The list below details other factors that will affect the value:
- stock
- assets
- products
- debtors
- creditors
- suppliers
- employees
- premises
- competition
Once you have considered all these factors you can then decide how much you want to offer, or if you want to buy it at all.
Common methods of valuing a business
There's a range of ways to value a business. Valuations based on multiples of future earnings and the capitalisation of future cashflows are the most common.
1. Businesses with a record of sustainable profits are often valued at a multiple of earnings. Profits are adjusted for any unusual, one-off items to arrive at an estimate of "normalised" earnings. Smaller businesses are usually valued at a lower multiple than similar, larger companies - typically at somewhere between five and ten times their annual post-tax profit.
2. Mature, cash-generating businesses can be valued in a similar way but based on cashflow. Future cashflows are estimated and discounted - with cashflow far in the future worth less than cashflow soon.
3. An asset valuation might be appropriate for stable businesses with significant tangible assets - property or manufacturing businesses, for example.
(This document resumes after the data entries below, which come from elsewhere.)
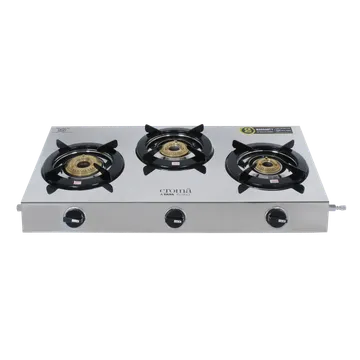 Croma 3 Burner Manual Gas Stove (Stainless Steel, Silver)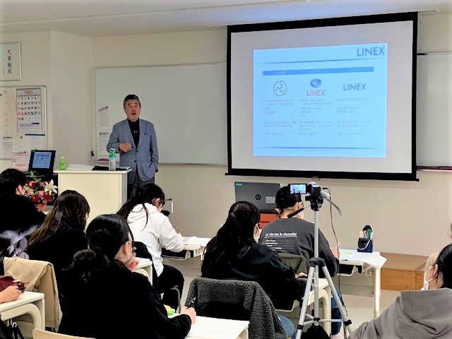 三瓶さんは今回「つなぐ」という言葉をたくさん使われていました。これはファスナーのつなぐという意味,カスタマーとサプライヤーをつなぐという意味などたくさんの意味があるとわかりました。看護師も医者と患者をつなぐ大切な役割を担っています。仲介になりかけ橋となることが求められ,より質の高い看護を提供するためにも「つなぐ」ことはとても重要だと考えました。またLINEXは時代の流れに適応した会社形態をしていて常に新しい価値創造への挑戦をしています。IT化の発達で,様々なもののスピードが加速する中,時代の流れを察知し,合せることが大切だと思いました。目標をもち,常に挑戦することで夢中になり常に成長できると学びました。 (A.M.)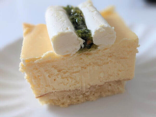 ピスタチオが食感のアクセントになっていて、プレミアムチーズケーキも良いですがこれもまた絶品! 私的にはプレミアムチーズケーキだと少し重いので、こちらの方が後味すっきりで好みです。とのことでした!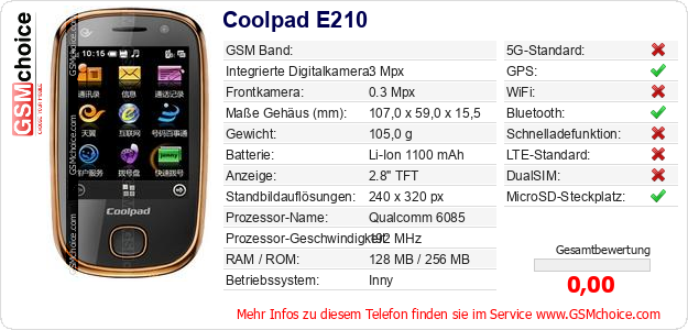 Hast du eigene Webseite? Willst du die Informationen über Standarddaten des Handys Coolpad E210 irgendwo veröffentlichen? Das ist sehr einfach. Du kannst das Bild herunterladen oder kopieren und auf der Webseite folgenden Code hinzufügen:Das Einfügen von diesem Code verursacht das Anzeigen von dem folgenden Bild: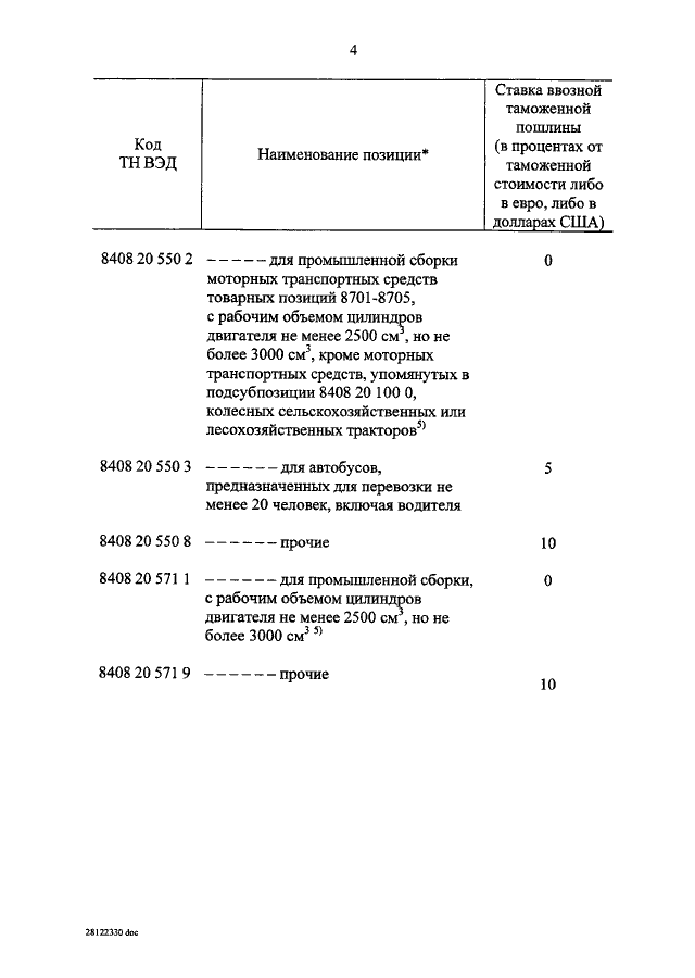 "О ВНЕСЕНИИ ИЗМЕНЕНИЙ В ТАМОЖЕННЫЙ ТАРИФ РОССИЙСКОЙ ФЕДЕРАЦИИ В ОТНОШЕНИИ НЕКОТОРЫХ ТОВАРОВ, ВВОЗИМЫХ ДЛЯ ПРОМЫШЛЕННОЙ СБОРКИ МОТОРНЫХ ТРАНСПОРТНЫХ СРЕДСТВ, ИХ УЗЛОВ И АГРЕГАТОВ"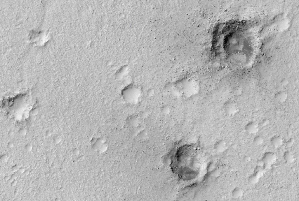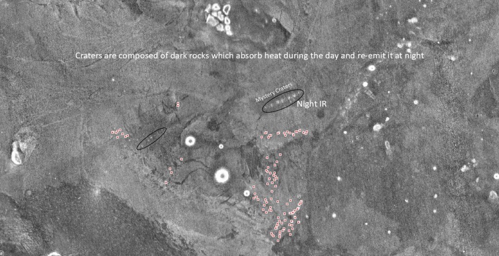 That leaves the remaining mystery, the linear alignment of craters. My guess is that they are aligned along a regional fault and are out-gassing volcanic gases, since they bring dark material to the surface (light on night infrared)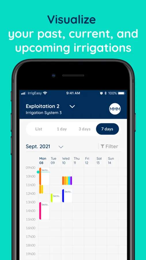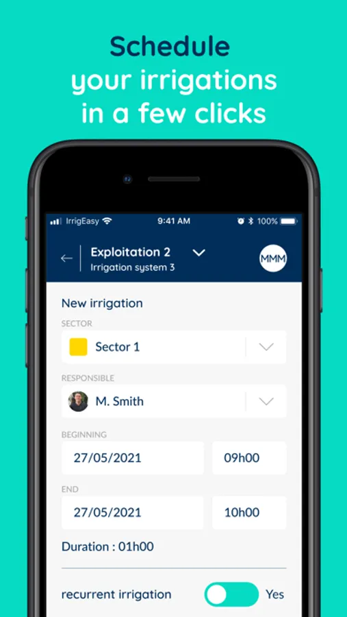 - The app allows you to make irrigation schedules in a few clicks: your sectors are configured, you just have to enter the date, duration, frequency, the person in charge, and voilà Irrigation managers are automatically informed of the schedule to be followed by sector.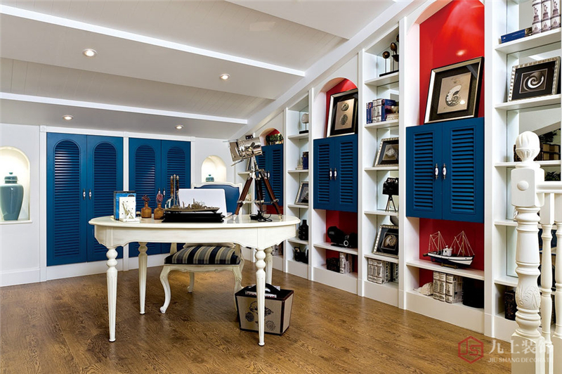 書房設(shè)計了很多柜子,方便收納,各種擺件也以海洋元素為主。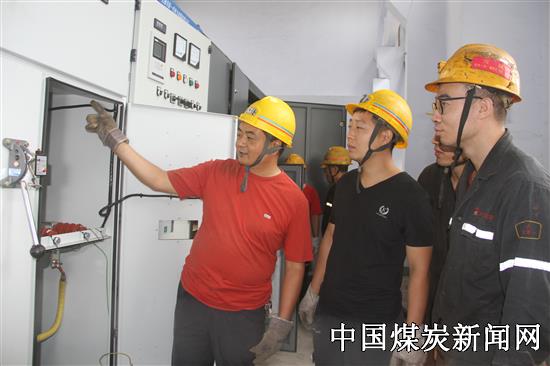 图三:9月6日,该矿机电运输科派出机电技术骨干在矿工业广场配电室组织年轻职工开展机电系统技术讲座,

Your starting point is the value of assets stated in the accounts - known as the "net book value". These figures are then refined to reflect factors such as changes in the value of assets or bad debts.
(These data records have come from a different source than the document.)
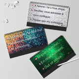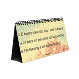 Communication Claire : Messages "Je suis en réunion" ( Réunion, pause, retour… tout est indiqué) en tahitien, français et anglais pour une compréhension universelle.
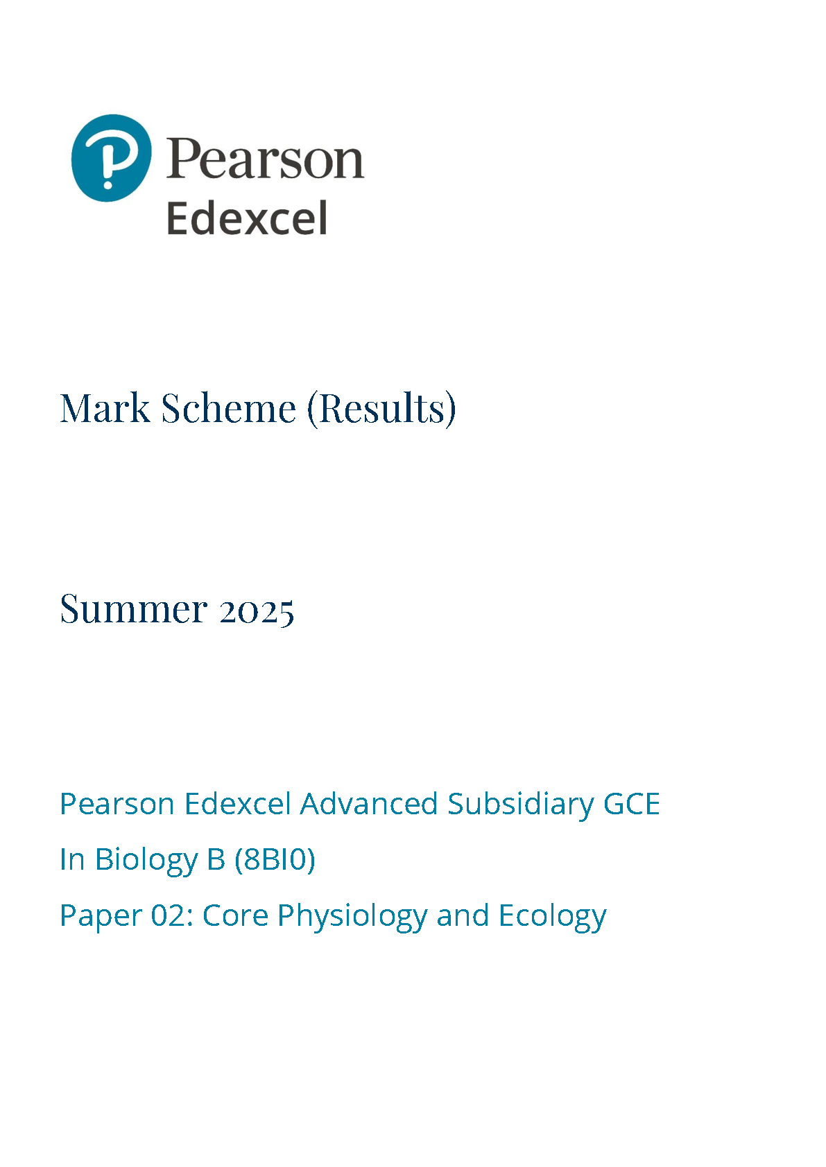 2025 Pearson Edexcel As Level Biology B Mark Scheme Paper 2 (8BI0/02: Core Physiology and Ecology)
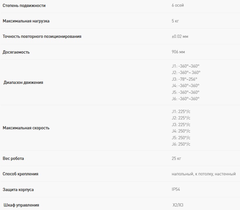 • Встроенный дисплей — позволяет оперативно регулировать скорость работы и мониторить важнейшие показатели: текущее положение робота, скорость перемещения и исполняемые команды.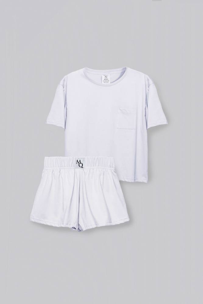 Urocza piżama damska uszyta z miękkiej i przyjemnej dla ciała bawełny. Model z oversizową, wygodną koszulką oraz krótkimi spodenkami podkreślającymi nogi. Spodenki mają nieco wyższy stan oraz szeroką gumę w pasie. Wykonana z niezwykle delikatnej i przewiewnej bawełny, zapewniającej komfort podczas snu.

4. The cost of creating a business similar to yours can be used as a basis for valuation. Costs could include buying equipment, employing staff, developing products, attracting customers, and so on. It may be possible to estimate this "entry cost" as a benchmark of your business' value. Of course, if the cost of entry is low there's little likelihood of your achieving a successful sale.
5. In some industries, there are established rules of thumb for valuing businesses. For example, the number of branches an estate agency has.
A potential buyer may use more than one method to get a range of values for your business. In the end, however, any price will be a matter for negotiation.
Your accountant can also help you value the business.
If you do decide to make an offer, the research you do now will be verified in detail once you've agreed a purchase price with the vendor.
Make sure a business is worth buying: due diligence
Having done your research, it is important to verify the information you have. A period of time is allowed for you to access the business' books and records to verify that all of the information that you have been told up to now is accurate. This is known as due diligence. It should give you a realistic picture of how the business is performing now and how it is likely to perform in the future.
When to begin due diligence
Don't start due diligence until you've agreed a price and terms with the seller. For a down payment they may agree to take the business off the market during your investigation.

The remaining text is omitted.